FDA’s Aimee Hodowanec, senior medical officer in the Division of Antivirals, said the agency is considering two approaches to authorization. Under the first approach, molnupiravir is not authorized for use during pregnancy. She said this would be appropriate if there are no scenarios in which the benefit of the drug is thought to outweigh the risk during pregnancy. Under the second potential approach, molnupiravir is not recommended for use in pregnancy but the drug could be used under the EUA during pregnancy in certain clinical scenarios in which a clinician determines the benefit outweighs the risk.

Committee members said they would not recommend use of molnupiravir in pregnancy but that women should be able to decide with their health care providers if they want to take it. Janet Cragan, National Center on Birth Defects and Developmental Disabilities at the US Centers for Disease Control and Prevention, recommended requiring pregnancy testing before treatment. Dublin, of Kaiser Permanente, agreed with this recommendation.

Kartsonis said Merck is not recommending use of the drug in pregnant or lactating adults and that there was no need for a contraindication. The company will have a program to monitor use of the drug in pregnancy.

As for use in other populations, Dublin said she favored approving it for individuals who are unvaccinated and for vaccinated individuals with a poor immune response, which she said could be based on factors such as being over the age of 75 or being immunocompromised.
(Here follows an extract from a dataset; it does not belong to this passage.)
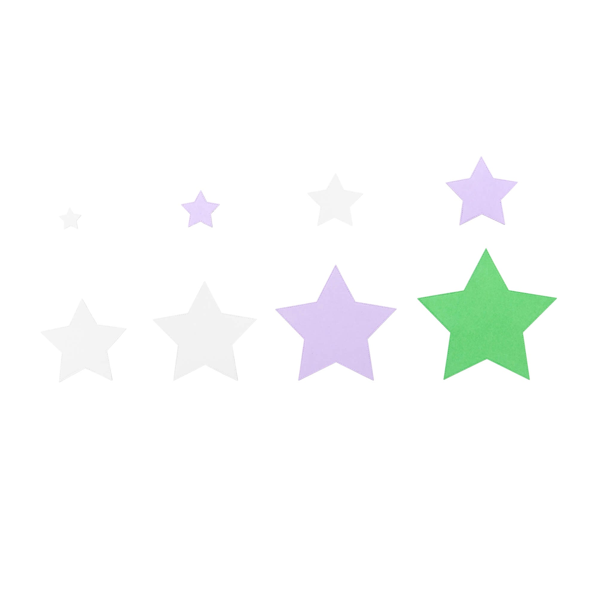 Sterne in Acht verschiedenen Größen, Größe ca. 12 x 11,5 cm (größter Stern) und 2,2 x 2,1 cm (Kleinster Stern).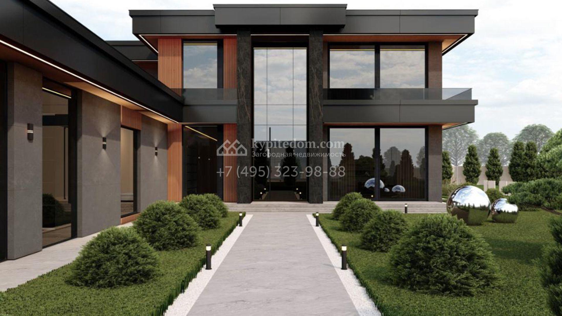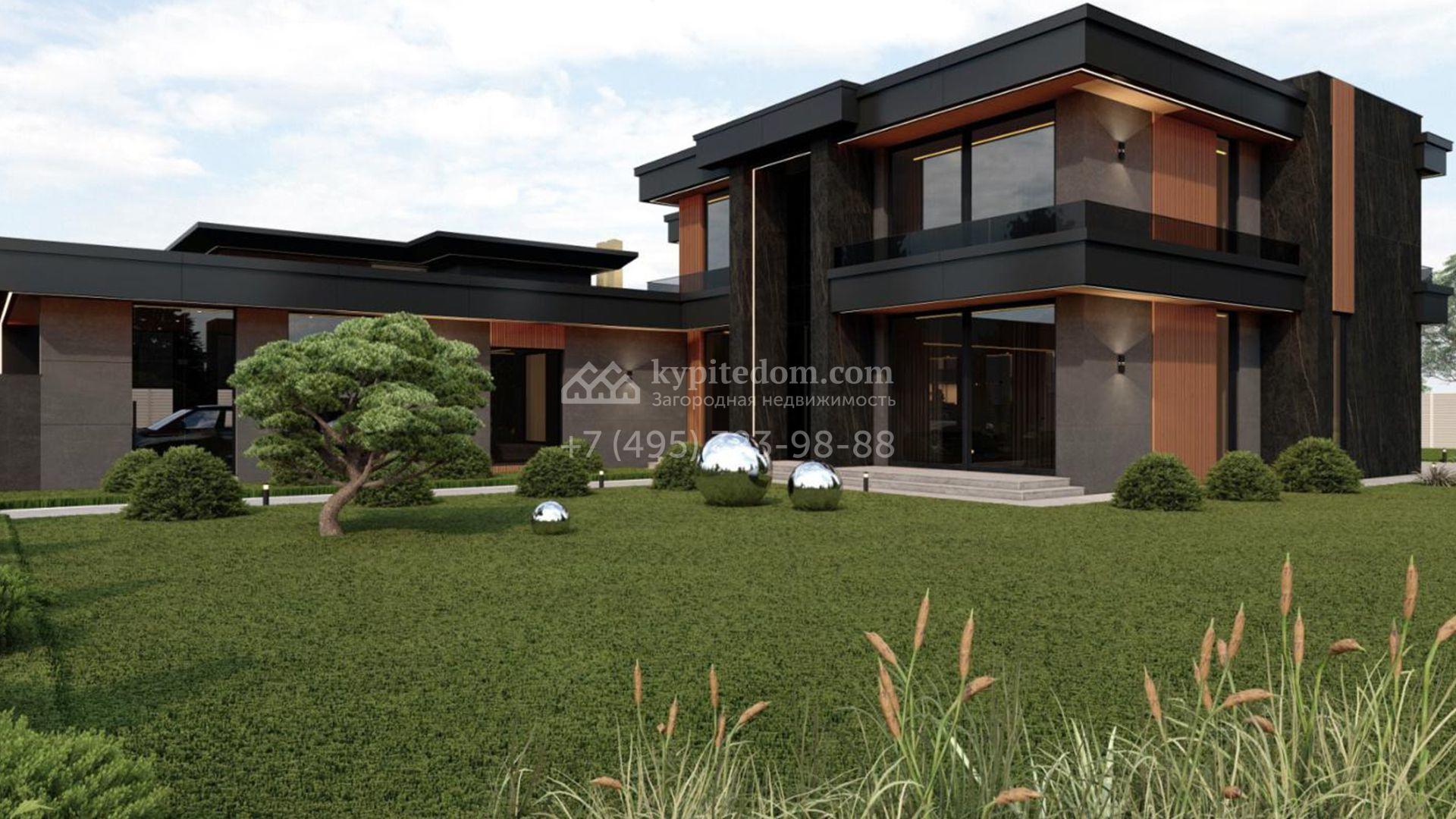 Загородный дом в стиле райт площадью 555 м² расположен на участке 20 соток в центральной части посёлка. Фасад выполнен из итальянской плитки графитового оттенка с текстурой камня, которую смягчает деревянный планкен насыщенного цвета. Контраст материалов формирует выразительный, но тёплый облик, сочетающий строгость линий и природную фактуру.

Several members suggested that use of the drug be limited to those aged 60 and older.

Seeking More Studies

Members also noted areas where further research is needed.

Dublin said it would be important to continue to do efficacy monitoring and determine if the drug is more effective against the Delta variant.

“Ideally, I would love to see a head-to-head trial against an alternative [therapy], such as monoclonal antibodies,” she said.

Baden said there need to be studies in vaccinated individuals, those with prior infections, and in the immunocompromised to understand safety, the multiple cycles of replication, and the risk of emergent variants.